Hans Willberg und Friedrich Forssman: Erste Hilfe in Typografie.
Wie viele Dokumente haben Sie im letzten Monat am Computer erstellt? Eines? Zwei? Ich nehme an, es waren eher zehn bis fünfzehn oder noch deutlich mehr.
Haben Sie sich bewusst mit der Gestaltung und Typographie auseinander gesetzt? Eine andere als die Word-Standardschriftart ausgewählt? Abstände als Mittel der Gestaltung eingesetzt?
Die Gestaltung von gedruckten Texten war früher Profis vorbehalten, die eine mehrjährige Ausbildung absolvieren mussten. Dabei lernten sie, wie man mit Schrift kommuniziert, wie man einen Text so gestaltet, dass er im jeweiligen Kontext möglichst gut lesbar ist und welche gestalterischen Mittel wann am besten zum Einsatz kommen.
Heute ist jeder Computernutzer in der Lage, Dokumente zu gestalten — doch gestaltet werden diese Dokumente meist gerade nicht.
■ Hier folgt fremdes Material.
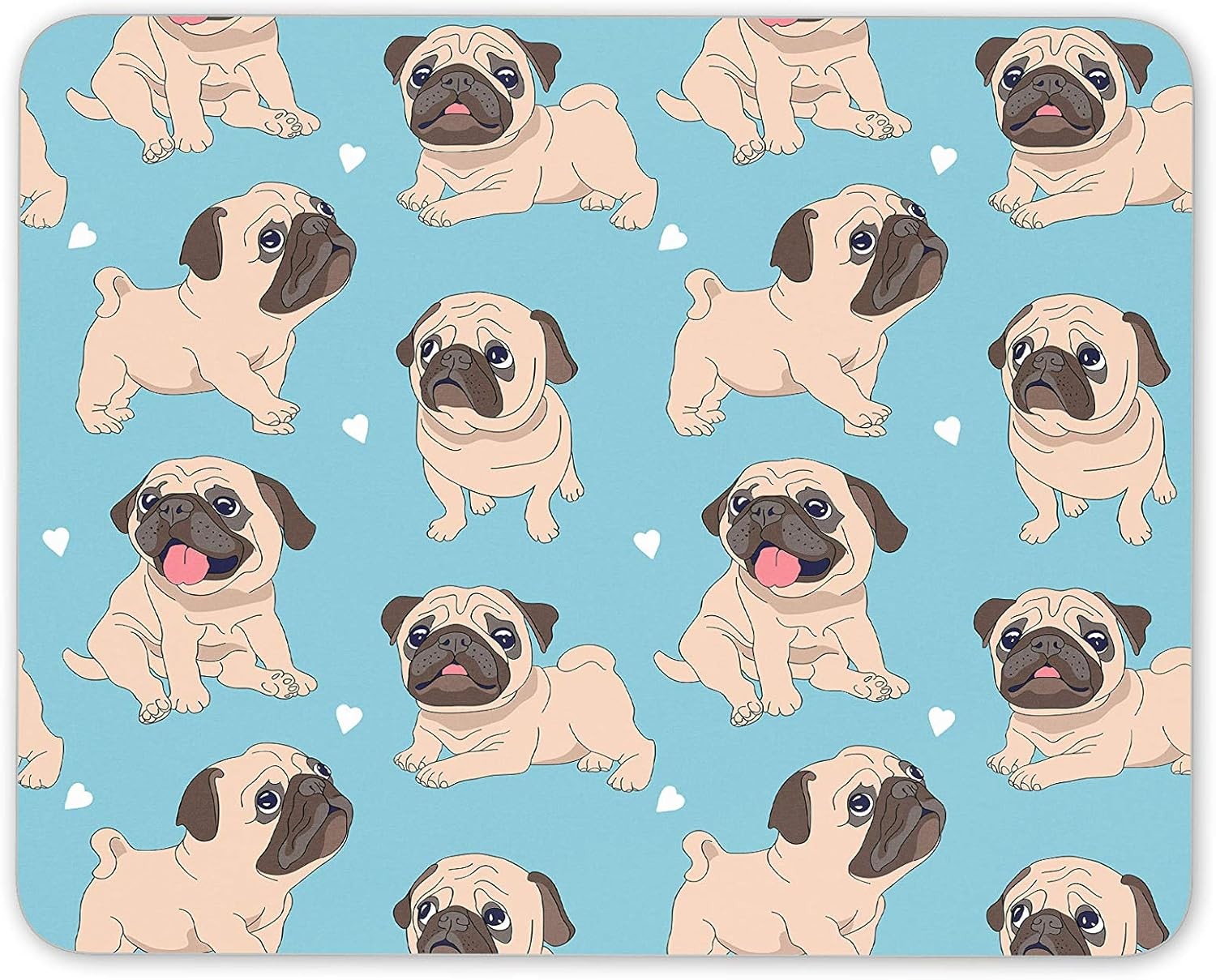 Destination Vinyl Ltd Cartoon Pug Dogs Mouse Mat Pad - Puppy Blue Kids Hearts F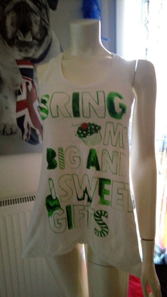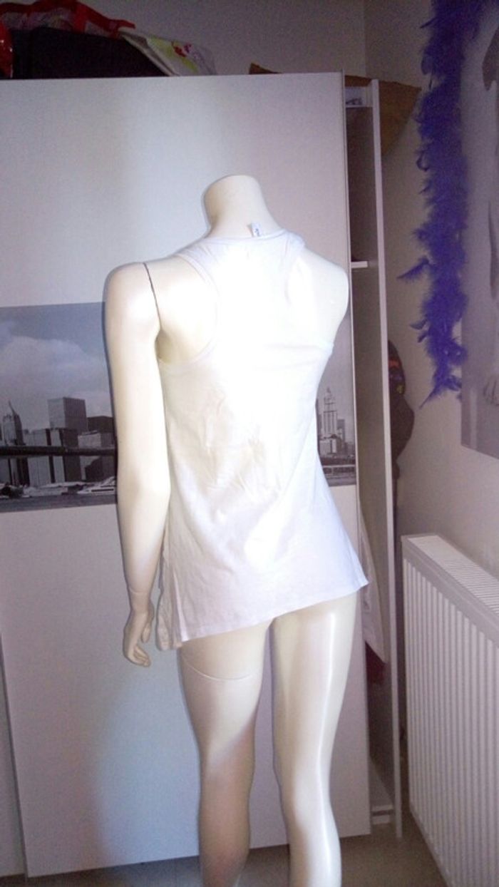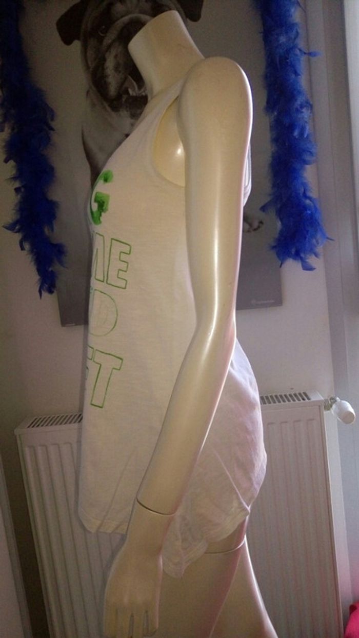 #débardeur #long #etatneuf #tailleS #blanc #imprimé #texte #muffin #musthave #asymétrique #surlescotés #ecritureverte #ete2017 #vacances #plage #piscine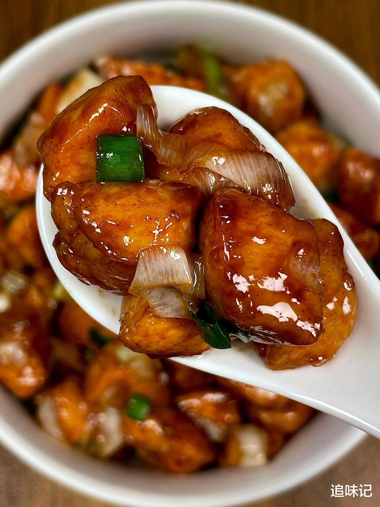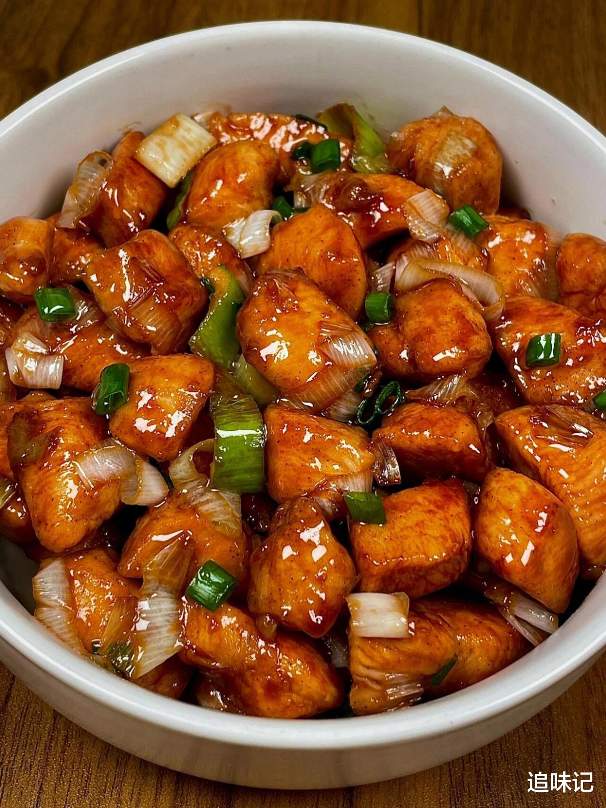 鸡胸肉煎得金黄,裹着浓郁的酱汁,大葱的香味扑鼻而来,口感鲜嫩多汁,每一口都带着葱香和鸡肉的鲜美。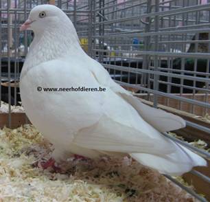 Fouten: Te zwaar; te groot; ronde kop; vooruittredend voorhoofd; te korte of te lange hals; rood in de ogen; andere dan blanke snavel; andere dan bleke oogranden. Beoordeling: ü Algemeen voorkomen ü Type en stand ü Ogen en oogranden ü Kopvorm en snavel ü Bevedering, Kleur Ringmaat: 8 mm |
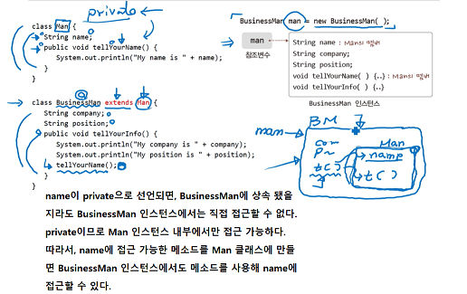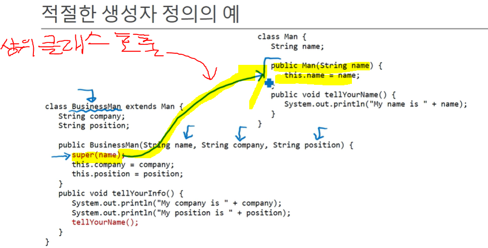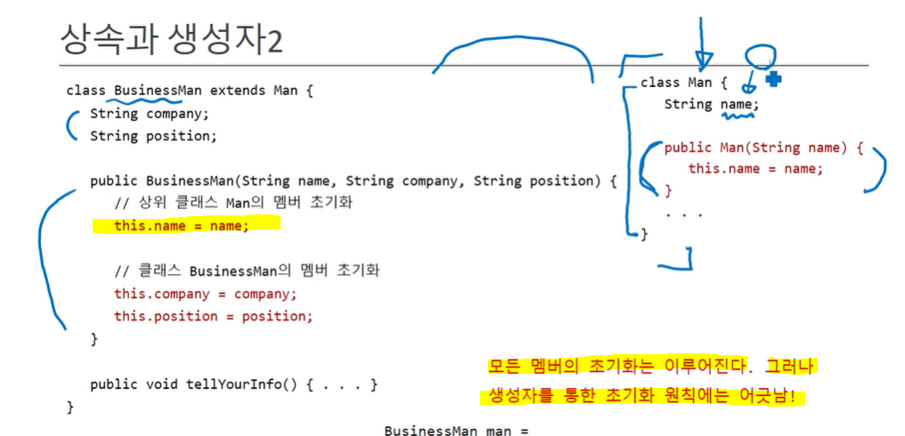멤버를 초기화할 때, 이상적인 원칙은 그 클래스의 멤버는 해당 클래스의 생성자에서 초기화시켜주는 것이다(생성자를 통한 초기화 원칙). 하지만 아래의 예제에서는 상위 클래스 Man의 멤버 변수 name을 초기화할 때 하위 클래스 안에서 초기화해주었다. 물론, 문제는 없지만 원칙에 어긋난 방법이다.

Sie werden erstellt und ausgedruckt. Das führt gerade im Kontext der Schule dazu, dass Lernmaterialien oder schulorganisatorische Dokumente so schlecht gestaltet sind, dass die Lesbarkeit und damit die Verständlichkeit behindert wird. Einige Beispiele nennt Jochen Lüders in seinem Beitrag Layout Pet Peeves.
Wie oft haben Sie bei einer Konferenz eine Tabelle mit Zahlen in der Hand gehalten, die auch aufgrund ihrer mangelhaften Gestaltung nur mit Mühe verständlich war? Wie oft hätten Schüler eine Klassenarbeit leichter erfassen können, wenn die Typographie und das Layout das Verständnis unterstützt hätten? Dabei müsste man besonderen Wert auf klare Gestaltung legen, wenn die Adressaten junge Menschen sind: Sie haben weniger Erfahrung im Umgang mit Texten und können daher gestalterische Widersprüche oder „Fehlbotschaften“ weniger leicht durchschauen und kompensieren.
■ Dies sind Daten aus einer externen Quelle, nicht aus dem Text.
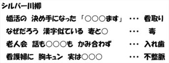 ②シルバー川柳 ブラックユーモアの効いた川柳です。空欄に入る文字は?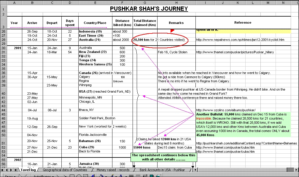 It looks like the people are making the subject of pride just to emphasize on where they stand about Puskhar Shah. I wouldn't believe it should be a matter of pride to present raw datas. I wouldn't worry even the data has some thousands + or - . The importance here is how someone can sacrifice 11 years just for cycling. It is certainly not a joke. Yes, name and fame comes to that person who has courage and determination. A good thing for Nepal. Personification of "Gurkha" is Puskhar Shah. Even if you have millions of dollars, you can't easily set a journey (of uncertainity) like that. Even if you love cycling, you can't bike 5-15 hours literally everyday for 11 hours. You need determination and real courage, and of course a Nepali maan. And, really, it needs a chokho Nepali maan to appreciate to someone, too! Or we would be a luchha bandar who can't see other's good doing!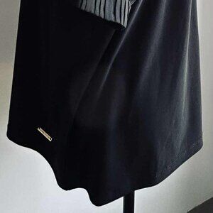 Anne Klein Black Stretch Knit Crewneck Top with Pleated Chiffon Sleeves – US L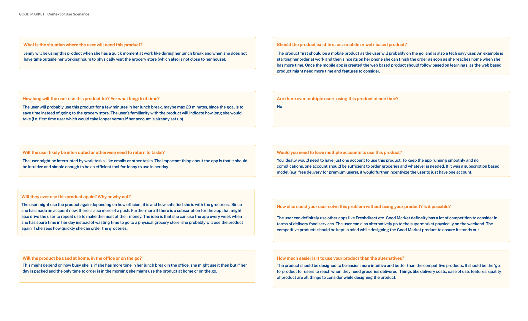 Context of Use Scenarios for Good Market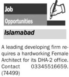 Private Firm Islamabad, islamabad Islamabad Pakistan invites applications from eligible candidates for the post of female architect and architect as per advertisement of May 4, 2023 published in daily The News Newspaper. Educational qualifications required Bachelor and B.E etc.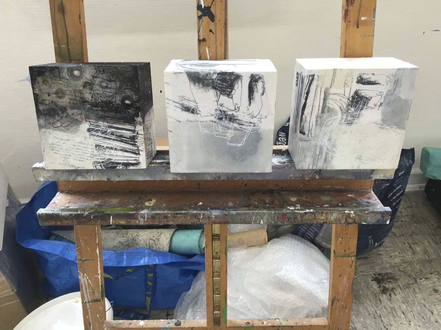 Acryl/Mischtechnik auf Holzkörper 2016, dreiteilig, je 15x15x10cm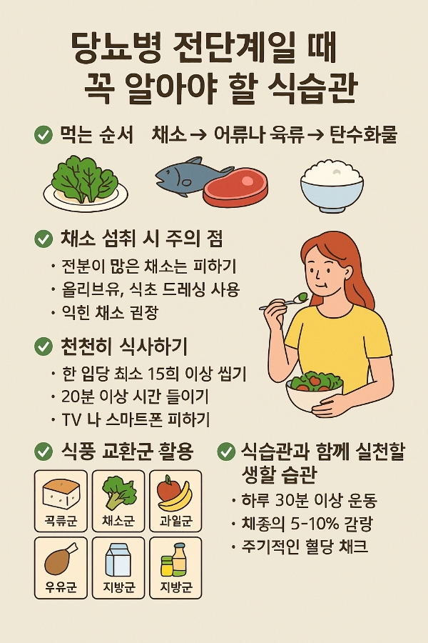 #당뇨병전단계 #혈당관리 #당뇨식단 #식품교환군 #천천히먹기 #식사순서 #채소섭취법 #공복혈당 #당화혈색소관리 #당뇨예방식습관

Statt dessen wimmelt es in der Schule von typographischen Unfällen und Entgleisungen. Erste Hilfe in Typografie leistet das hervorragende Buch von Hans Willberg und Friedrich Forssman. Es ist im besten Sinne ein Ratgeber: Für alle grundlegenden gestalterischen Fragen weiß es kompetenten und verständlichen Rat.
Schritt für Schritt wird der Leser an die Schrift heran geführt:
- Wie wirkt Schrift in verschiedenen Kontexten?
- Wie gestaltet man Texte lesbar?
- Welche Schriften kann man gemeinsam verwenden?
- Wie setze ich Bilder angemessen ein?
- Wie kann man Kästen so verwenden, dass sie den Text nicht malträtieren?
Diese und viele andere Themen werden mit anschaulichen Beispielen und Übungen bearbeitet. Das Buch eignet sich sowohl zum Durchlesen von vorne bis hinten als auch zum Nachschlagen bei einer konkreten gestalterischen Herausforderung. Es ist — selbstverständlich — hervorragend gestaltet und macht schon deshalb Freude beim Durchblättern. Dabei bleibt es „auf dem Boden“: Man hat nie das Gefühl, vom hohen Ross herab belehrt zu werden. Statt dessen fordern die Autoren einen ständig dazu auf, mit eigenen Augen zu vergleichen und zu beurteilen, so dass man fast unmerklich den Blick für die typographische Gestaltung schult.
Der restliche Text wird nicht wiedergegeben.